4. Don't be afraid to try couples counseling. God has gifted us with doctors to help us address physical issues that arise. In a similar way, he has given us professionals, counselors and therapists, who can help us with our mental health and relationships. It can be a beautiful gift for your relationship. While a couples therapist can help you during a difficult time in your marriage, you don't have to be experiencing major challenges to seek out a therapist. A therapist can give you tools and help you work on and practice better communication. My husband and I found a therapist even before we got married, and it has been a gift to our relationship. This search tool can be very helpful as can finding a Licensed Marriage and Family Therapist (LMFT). I've liked Emotionally Focused Therapy. This search tool allows you to find a therapist trained in EFT.

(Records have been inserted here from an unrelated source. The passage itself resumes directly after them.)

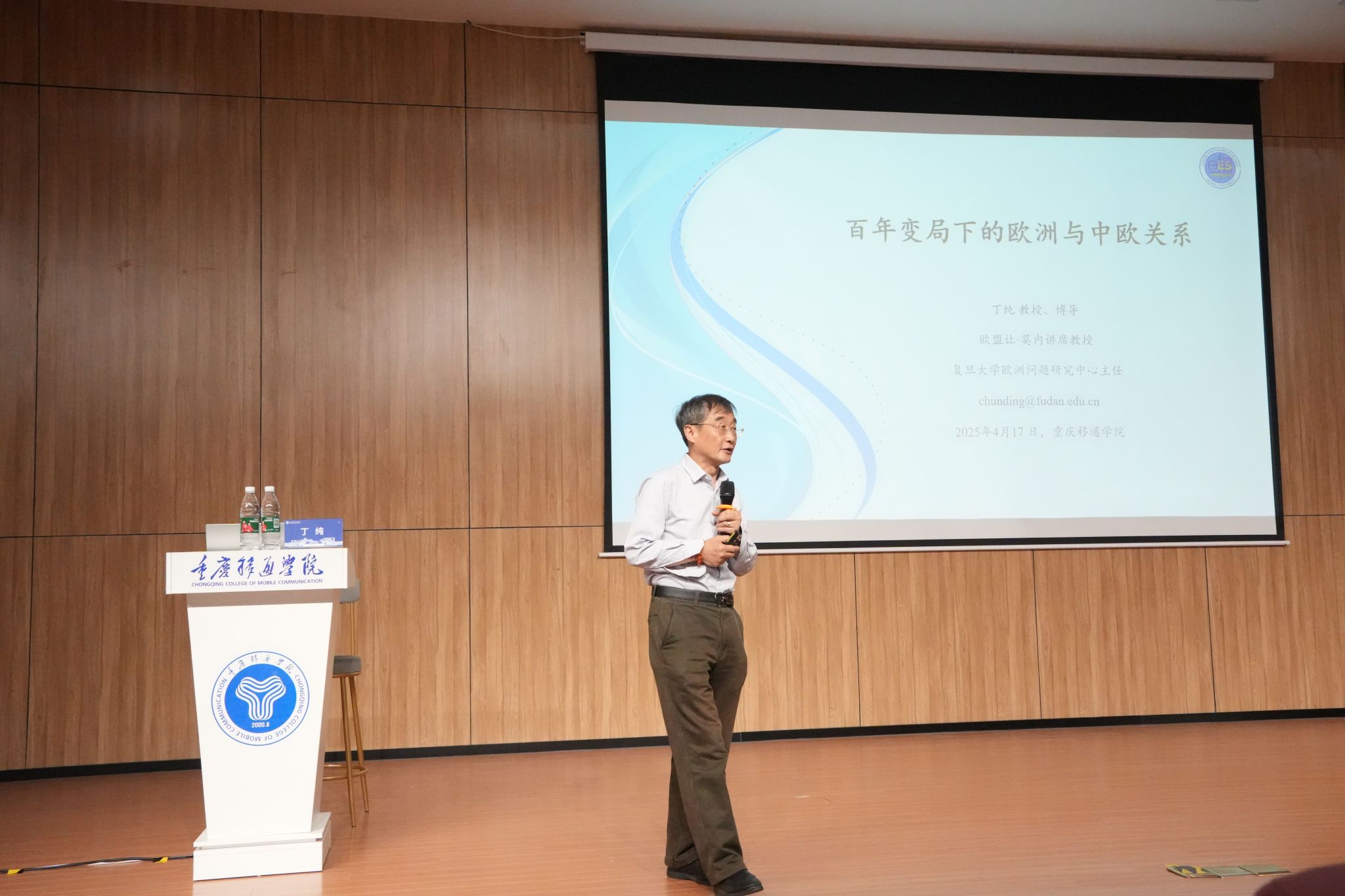在百年未有之大变局中,欧洲站在历史转折点,地缘政治风起云涌,中欧关系也迎来新的战略机遇。2025年4月17日晚,复旦大学经济学院世界经济研究所博士生导师丁纯教授应邀走进重庆移通学院文化移通-名家大讲坛,以《百年大变局下的欧洲与中欧关系》为题,在贤者楼131报告厅为师生带来了一场高屋建瓴、启迪深远的专题讲座。
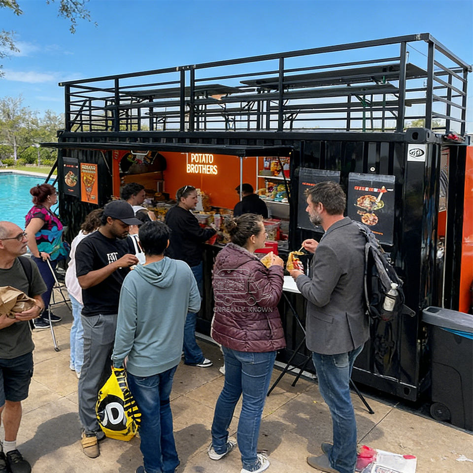 Solution complète de conteneur transformé en café, bar, restaurant, cuisine de rue, remorque ou chariot
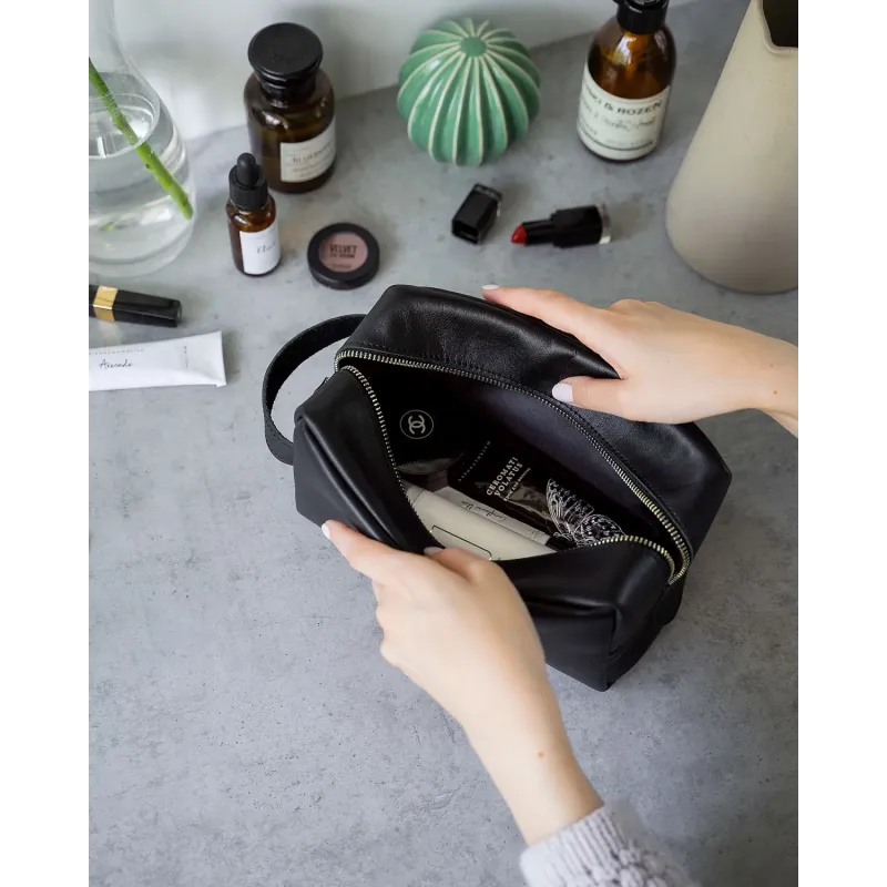 Кожаный несессер подойдет для поездок, походов в бассейн, спортзал или просто для хранения косметики. Изготовлен из мягкой эластичной натуральной кожи, внутри черная тканевая подкладка. Одно основное отделение вмещает косметические средства среднего или дорожного объема — шампунь, гель для душа, зубную пасту и щетку, расческу, кремы, влажные салфетки и другие повседневные вещи.
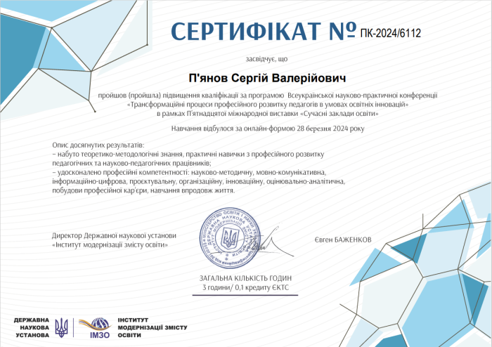 За результатами роботи конференції, організаторами якої виступили Державна наукова установа «Інститут модернізації змісту освіти» і Громадська організація «UkraineActive», учасники отримали сертифікати підвищення кваліфікації.
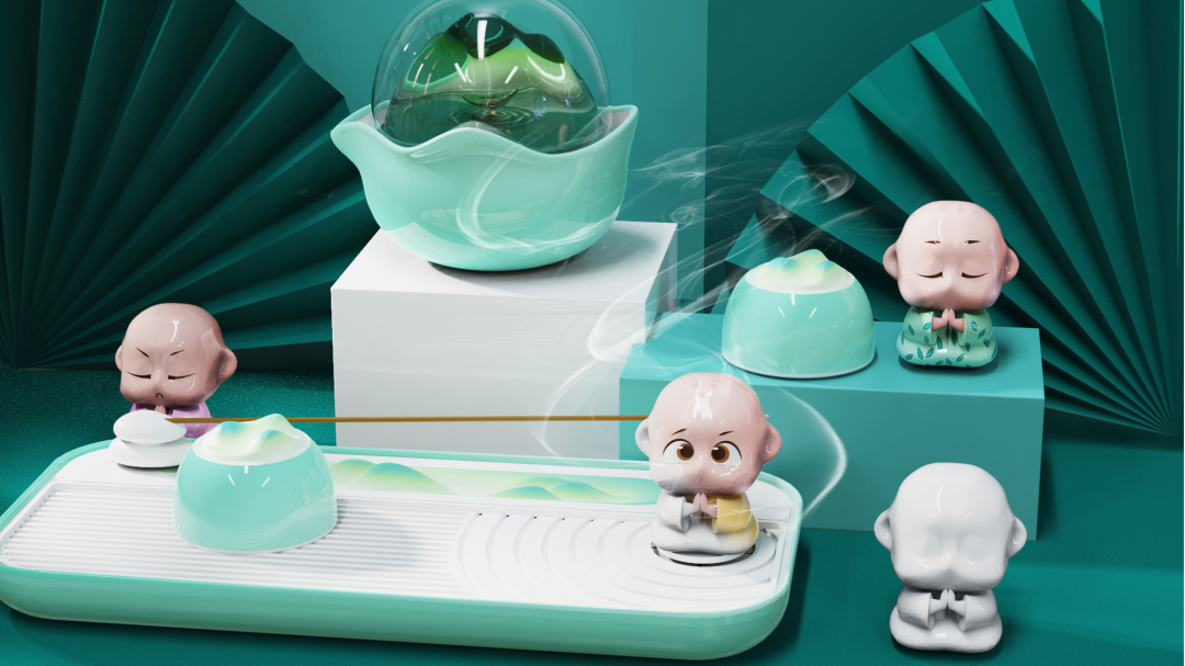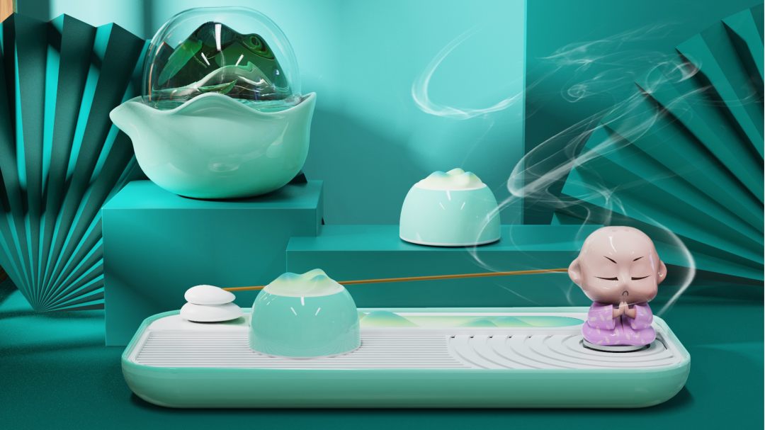 “为新昌文化创造一款盲盒属性快客杯产品套装,开发现代青年受众市场传播新昌文化。快客杯套装以新昌佛禅文化与山水景观为设计灵感,整体主题依据佛学“看山”境界,结合新昌山水云雾缭绕等自然景观,在产品外观设计上针对年轻消费人群审美倾向,以流线造型以及玻璃陶瓷结合材质,整体风格现代简约,萌趣可爱,套装内搭配随机配色涂装茶宠,可遇热变色,增加开盲盒仪式感与交互趣味性,最后茶盘产品结合香承与倒流香功能,套装整体使用可组成别致景观,增加产品套装整体性。”

A couple of tips for therapy: Don't be afraid to try meeting with multiple therapists if the first one isn't a good fit. Don't stick with a therapist just because it can be challenging to find someone new. If you don't click with them, it doesn't make them a bad therapist, and you won't hurt their feelings by seeking out someone new. It's worth the process and effort to find someone who you both feel comfortable with. It can be beautiful to find a therapist who shares your faith, and sometimes that is the best choice for a couple. However, you don't have to share the same faith to have a great relationship with your therapist. We tried meeting with a Christian therapist, but it wasn't a good fit for us. Neither of us felt comfortable during our sessions, and I didn't feel heard. We switched therapists to someone who doesn't offer Christian counseling, and our sessions with her have borne so much fruit. Also, you don't necessarily need to find someone in your immediate area. A more specialized provider can be a better fit depending on your situation. My husband and I meet with our therapist via Zoom. Some therapists will bill your visits so your insurance will cover them. My individual therapist gave me this tip, and it has made couples therapy accessible for us.
Healthy communication is essential in any marriage. Keep working on it day by day, and don't be afraid to reach out for support!